In total around 85,000 customers have had their MasterCard or Visa credit cards exchanged over the past few weeks, with the banks saying it is a purely precautionary measure.
Hackers broke into a weak spot in the security systems of the banks through an accounting firm in western Germany, the Berliner Zeitung reports.
Postbank, Commerbank, and Landesbank Berlin, which owns Berliner Sparkasse, were all affected.
Worst hit was Postbank which has had to exchange 55,000 cards. Sparkasse and Commerzbank have each sent out 15,000 new cards to customers.
A spokesperson for Postbank told The Local that the security risk had hit customers across Germany, but that the measure was a purely precautionary one.
“While the number of 55,000 may sound high, one should remember that we have given out a total of 1.6 million credit cards to our customers,” she said.
Affected customers would be informed by post she said, “but this does not mean that their old cards have been misused.”
Postbank could not confirm whether money had in fact been stolen from any of its customers but said that, in the case that this has taken place “customers would of course be compensated after a careful investigation of their complaint.”
Sparkasse customers received an email which said “We believe that someone has had access to your credit card data. That can for example occur during a payment process.”
But a spokesperson for the bank reassured customers that the exchange of cards was purely a precautionary measure.

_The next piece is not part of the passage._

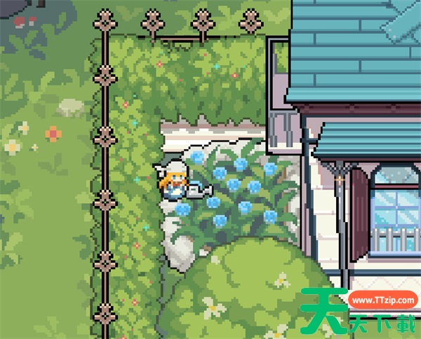 爱丽丝家左侧蓝色花圃旁有只浇花的人偶,点击人偶它会给花浇水。

“As soon as our early detection mechanisms receive indications [of suspicious activity], threatened cards are blocked and exchanged,” Konstanze Stempel told the Berliner Zeitung.
If individual customers have lost money as a result of the data theft, “the bank will of course compensate them,” Stempel said.
The accounting company which is alleged to have been the target of the attack denied that hackers could have accessed customer details through them, placing the blame instead on a third party which accepts credit cards.
“”That could for example be an online shop or a hotel, in which the payment mechanism was manipulated,” a spokesperson told the Berliner Zeitung.